= Beginning of Section =
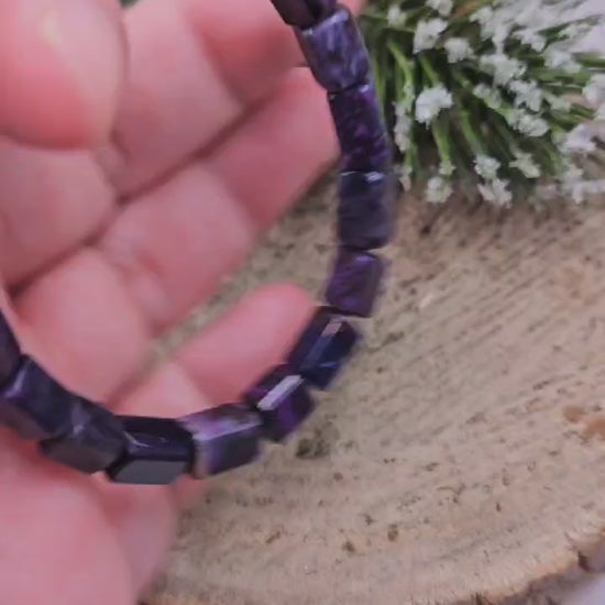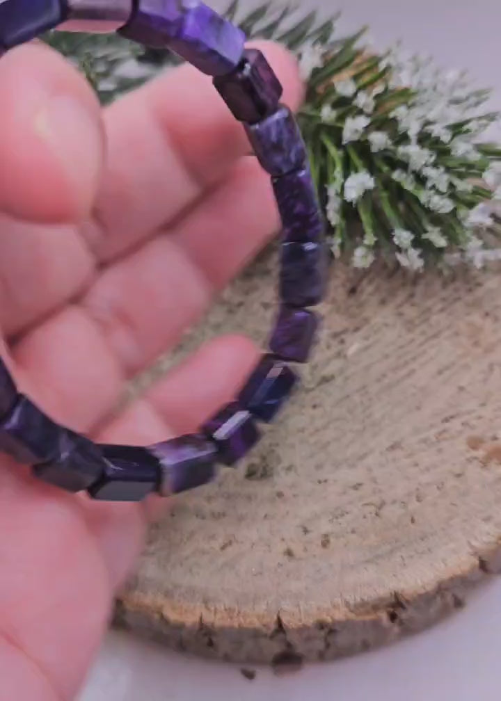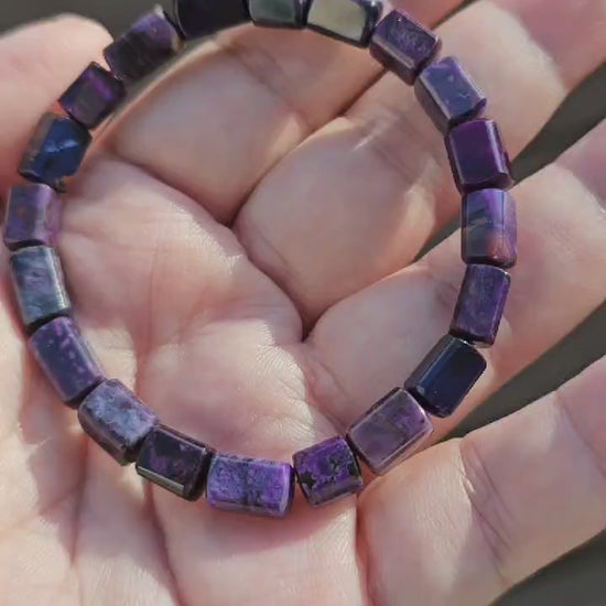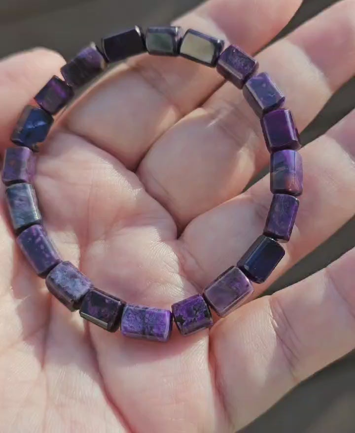 This bracelet features 20 pieces of genuine, untreated sugilite in rare rectangular cube beads—each one naturally formed and uniquely patterned. The stones display a range of hues, from deep violet to soft blue, with marbled textures that highlight the true beauty of sugilite.
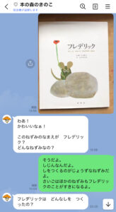 私自身では見つけられないような本を、きのこさんが紹介してくれて、子どもが喜んでいたこと、病院の待ち時間に、きのこさんからメッセージや選書の動画が来て、嬉しそうな子どもと、 一緒にお返事を送ったことが印象に残っています。
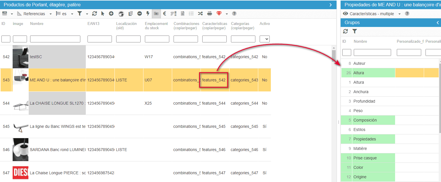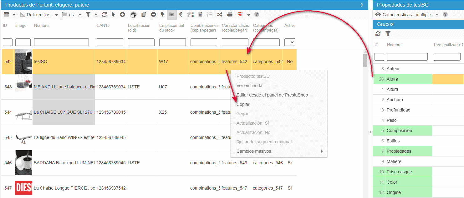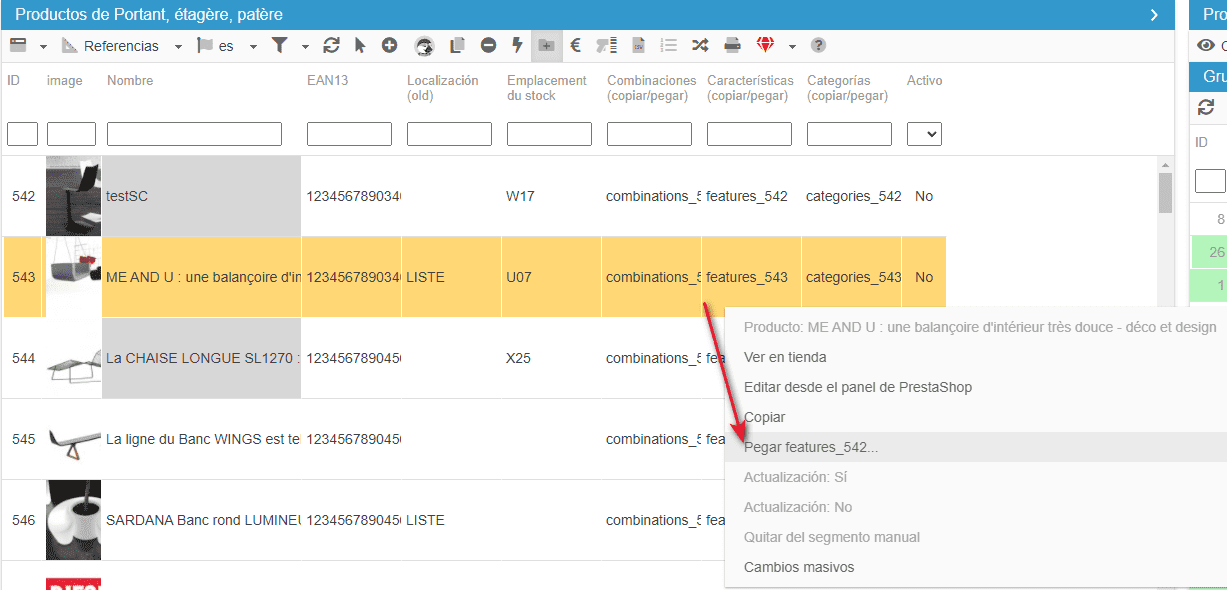 Para vincular estas categorías con otro producto, haga clic en el botón derecho en "features_xxx" > copiar, luego en el otro producto, siempre en la misma columna > pegar
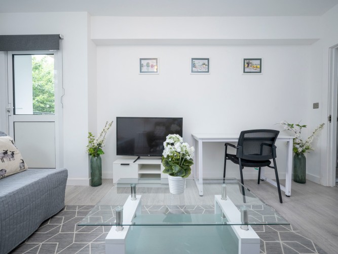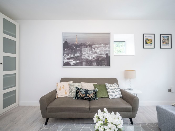 The spacious living room has a warm, family-friendly feel with two comfortable sofas and a flat-screen Smart TV complete with Amazon Fire Stick. Guests can log into Netflix, BBC iPlayer, and other streaming services for a cosy night in after a busy day out.
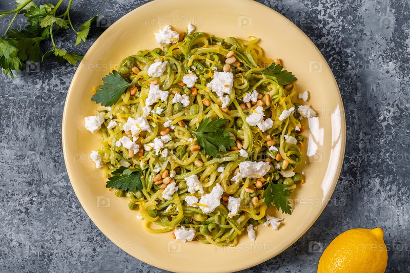 Домашняя паста zucchini Zoodles с кедровыми орехами и фетой
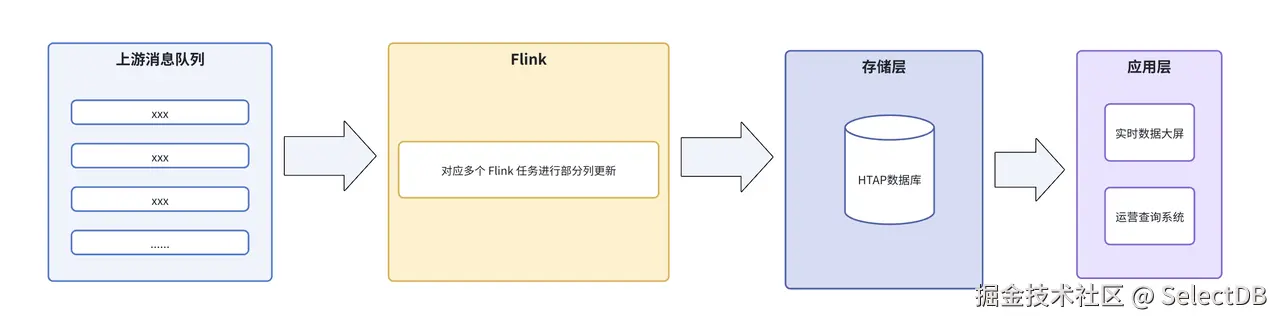- 存储层:更新数据最终写入 HTAP 数据库的单张无分区宽表中;
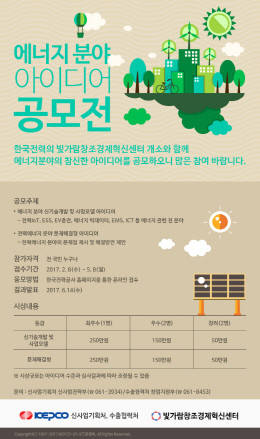공모 주제는 전력IoT, ESS, 전기차(EV), 에너지 빅데이터, 에너지관리시스템(EMS) 등 ‘에너지신산업 분야 신기술 개발과 사업모델에 대한 아이디어’와 ‘전력에너지 분야 문제점 제시와 해결방안을 제안하는 아이디어’ 2가지 분야로 전 국민 누구나 참여 가능하다.
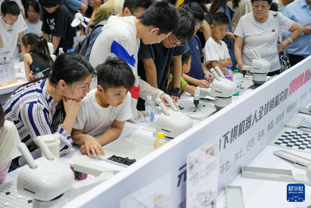 在世界机器人大会展馆内,小朋友在与下棋机器人互动下棋(8月11日摄)。
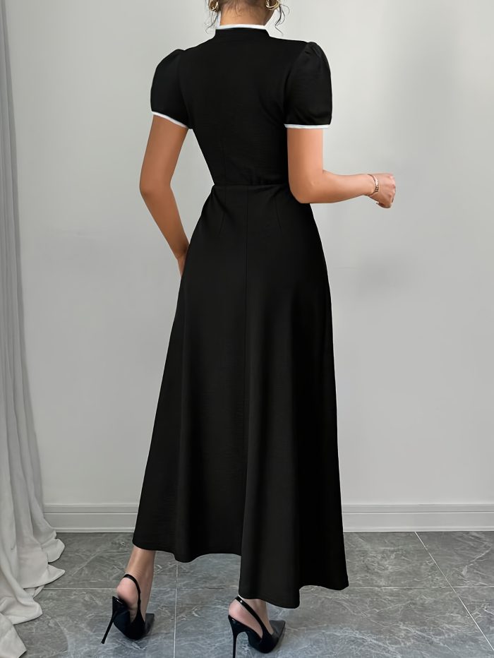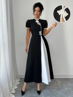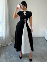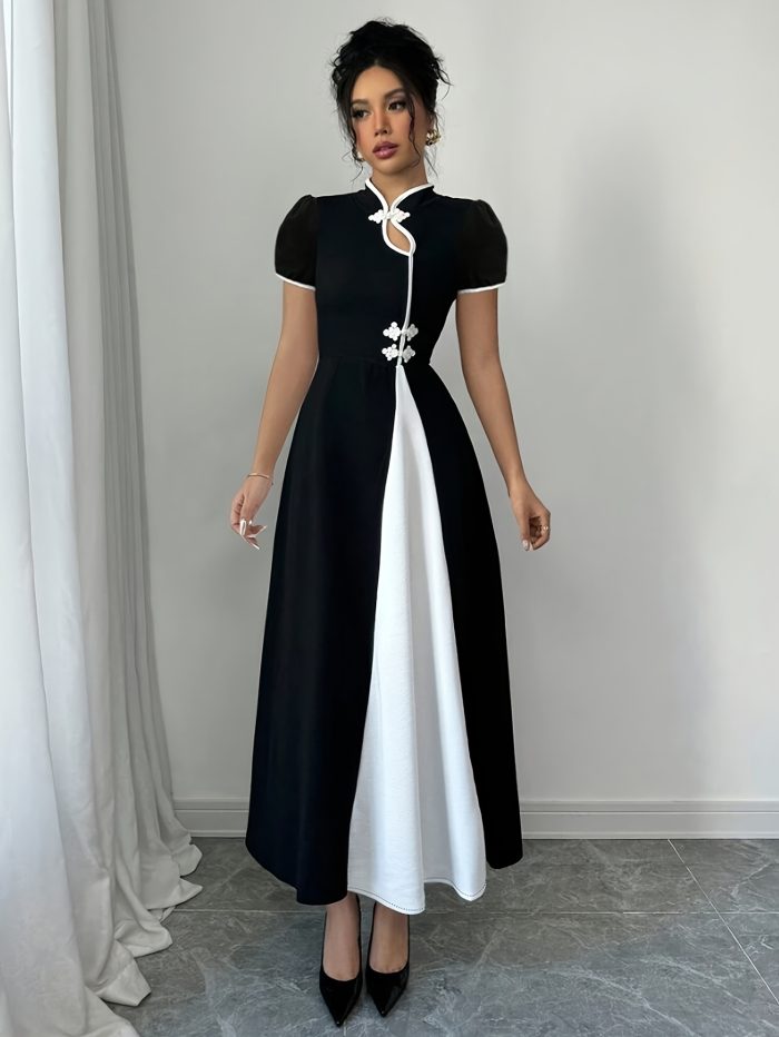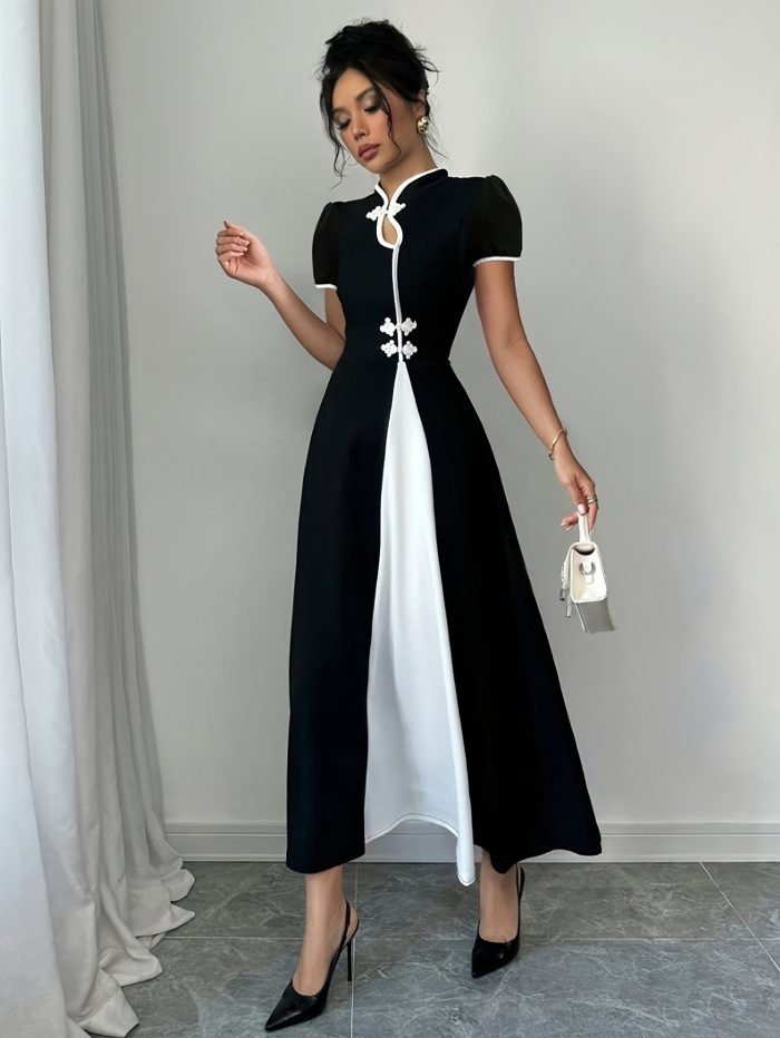 Elegant Pencil Dress Elegant Black and White Pencil Dress | Stand Collar, Button Front, A-Line Design, Perfect for Adult Women, All Seasons – Stylish Attire, Classic Aline, Stylish Heels
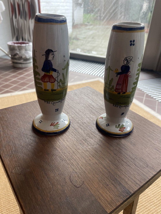 Sumérgete en el mundo de la elegancia francesa con este exquisito juego HB Quimper, una representación perfecta del arte tradicional bretón. Cada jarrón es un testimonio del rico patrimonio cultural de la cerámica de Quimper, con figuras bretonas pintadas a mano que aportan un toque de encanto vintage a cualquier ambiente. Sus vibrantes tonos y sus intrincados diseños cautivarán e inspirarán, convirtiendo estos jarrones en una encantadora adición a cualquier colección.
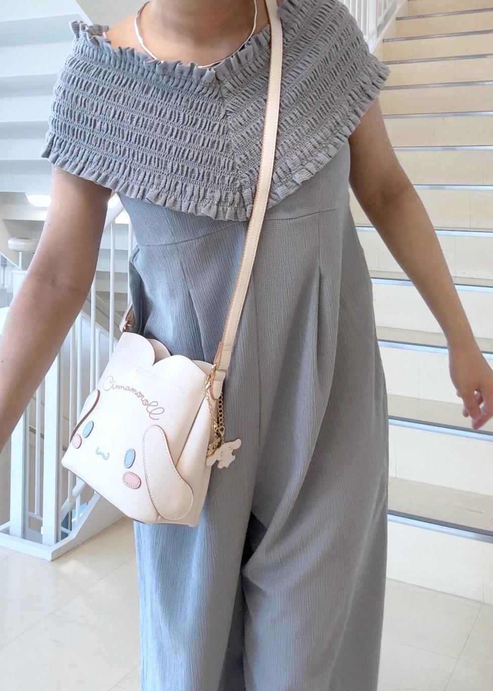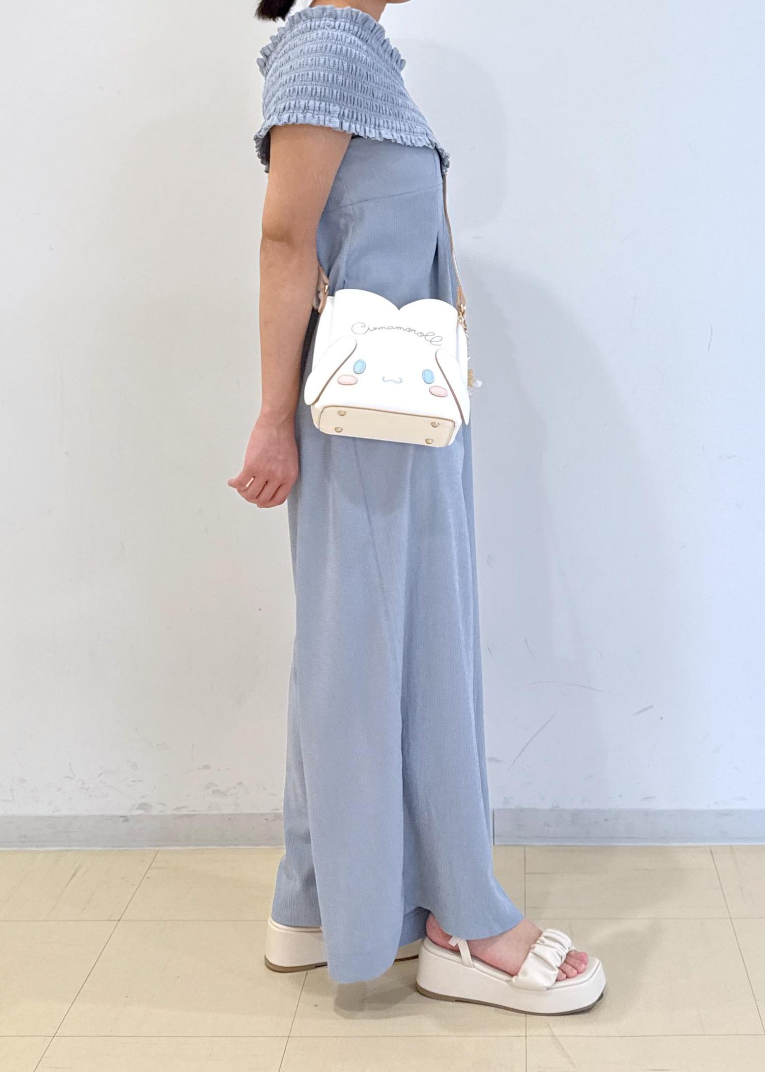 小物も全て白で統一し、シナモロールぽく柔らかいコーディネートにしました!
= End of Section =
▸ **YOUR OBJECTIVE**:
Please retype the whole listing above exactly, without any of its images.

▸ **THE COMPLETED TASK**:
 This bracelet features 20 pieces of genuine, untreated sugilite in rare rectangular cube beads—each one naturally formed and uniquely patterned. The stones display a range of hues, from deep violet to soft blue, with marbled textures that highlight the true beauty of sugilite.
 私自身では見つけられないような本を、きのこさんが紹介してくれて、子どもが喜んでいたこと、病院の待ち時間に、きのこさんからメッセージや選書の動画が来て、嬉しそうな子どもと、 一緒にお返事を送ったことが印象に残っています。
 Para vincular estas categorías con otro producto, haga clic en el botón derecho en "features_xxx" > copiar, luego en el otro producto, siempre en la misma columna > pegar
 The spacious living room has a warm, family-friendly feel with two comfortable sofas and a flat-screen Smart TV complete with Amazon Fire Stick. Guests can log into Netflix, BBC iPlayer, and other streaming services for a cosy night in after a busy day out.
 Домашняя паста zucchini Zoodles с кедровыми орехами и фетой
- 存储层:更新数据最终写入 HTAP 数据库的单张无分区宽表中;
공모 주제는 전력IoT, ESS, 전기차(EV), 에너지 빅데이터, 에너지관리시스템(EMS) 등 ‘에너지신산업 분야 신기술 개발과 사업모델에 대한 아이디어’와 ‘전력에너지 분야 문제점 제시와 해결방안을 제안하는 아이디어’ 2가지 분야로 전 국민 누구나 참여 가능하다.
 在世界机器人大会展馆内,小朋友在与下棋机器人互动下棋(8月11日摄)。
 Elegant Pencil Dress Elegant Black and White Pencil Dress | Stand Collar, Button Front, A-Line Design, Perfect for Adult Women, All Seasons – Stylish Attire, Classic Aline, Stylish Heels
 Sumérgete en el mundo de la elegancia francesa con este exquisito juego HB Quimper, una representación perfecta del arte tradicional bretón. Cada jarrón es un testimonio del rico patrimonio cultural de la cerámica de Quimper, con figuras bretonas pintadas a mano que aportan un toque de encanto vintage a cualquier ambiente. Sus vibrantes tonos y sus intrincados diseños cautivarán e inspirarán, convirtiendo estos jarrones en una encantadora adición a cualquier colección.
 小物も全て白で統一し、シナモロールぽく柔らかいコーディネートにしました!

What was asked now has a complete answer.